Each image and mask should have matching spatial dimensions.

Installation

pip install git+https://github.com/wulinteousa2-hash/napari-unet-assistant.git

For editable development:

git clone https://github.com/wulinteousa2-hash/napari-unet-assistant.git
cd napari-unet-assistant
pip install -e .
napari

Basic workflow

  1. Open napari.
  2. Launch U-Net Assistant.
  3. Choose a pairing mode.
  4. Scan and review image-mask pairs.
  5. Set training options.
  6. Train a 2D or 3D U-Net model.
  7. Load a saved run folder.
  8. Run inference on new images or volumes.
  9. Review prediction masks in napari.

Supported data

2D training

  • image: (Y, X) grayscale TIFF
  • mask: (Y, X) label TIFF
  • binary masks: 0 = background, nonzero = foreground
  • multiclass masks: integer labels from 0 through num_classes - 1; training checks this before starting

3D training

  • image: (Z, Y, X) grayscale TIFF
  • mask: (Z, Y, X) label TIFF
  • multiclass masks should use integer labels from 0 through num_classes - 1; training checks this before starting:
    • 0 = background
    • 1 = class 1
    • 2 = class 2
    • 3 = class 3

Patch options

2D

XY patch sizes:

  • 64
  • 128
  • 256
  • 512
  • 1024

Default: 256 x 256

3D

Z patch sizes:

  • 8
  • 16
  • 32
  • 64

XY patch sizes:

  • 64
  • 128
  • 256
  • 512
  • 1024

Default: 16 x 256 x 256

Validation

The current training workflow uses a standard train/validation split. The default validation split is 20%.

K-fold cross-validation is not active in this release.

Each run writes validation.json with the active validation mode, split fraction, random seed, total patch count, train patch count, and validation patch count. The training log also reports the same split. Per-epoch validation metrics are written to history.csv.

At training start, the log reports the model backend, model family, backbone/encoder, encoder weights, capacity, patch settings, augmentation preset, validation setup, epochs, and batch size.

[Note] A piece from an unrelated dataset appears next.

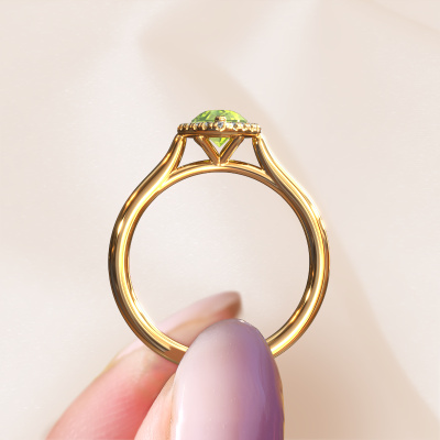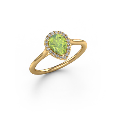 This 14 Carat gold ring is called Seline per 1 and is set with 7x5 mm peridot. This exclusive gold halo engagement ring is a true work of art! The ornaments are crafted with a lot of patience and great passion. In order to create this ring with great precision, this craft requires a keen eye and skillful hand. A challenge which ignites a fire in our expert goldsmith. The exquisite peridot are set in a special way so they stand out even more. This gives the ring an even more glamorous appearance. The charming engagement ring is actually unique on its own because of the gemstones which we carefully select especially for this ring. On top of that you select the precious metals which will be used to create a unique ring for the most extraordinary woman in your life! This jewel is made with passion and love by one of our master goldsmiths.After receiving your order, our goldsmiths will start the creative process of making your Seline per 1 engagement ring. We don't keep stock. This is advantageous because these costs will not be passed on to you. Therefore, we can offer jewelry at exceptionally low prices.Our team adds new designs to our online collection daily. Our designers and goldsmiths work together in creating the best design. We strive to offer a diverse collection of jewels. Perhaps you have a specific jewel design in mind. One you came across somewhere. Please contact us for a free consultation. We will make you an offer, based on a fair price/ quality ratio, that will baffle you.To make it easier for you, we offer a 30 day return policy. Check our terms and conditions.

The same user-readable summary is written to run_summary.txt, while full structured settings are saved in config.json.

Outputs

Each run folder can contain:

  • best_model.pt
  • config.json
  • run_summary.txt
  • summary.json
  • history.csv
  • validation.json
  • pairs.csv
  • prediction TIFF outputs

Current scope

This release is focused on TIFF-based supervised U-Net training and inference.

OME-Zarr, spectral/lambda workflows, and SAM-assisted annotation are intentionally outside the scope of this version.

Reference

This project builds on U-Net-based nerve morphometry workflows described in:

Moiseev D, Hu B, Li J. Morphometric Analysis of Peripheral Myelinated Nerve Fibers through Deep Learning. Journal of the Peripheral Nervous System. 2019;24(1):87-93.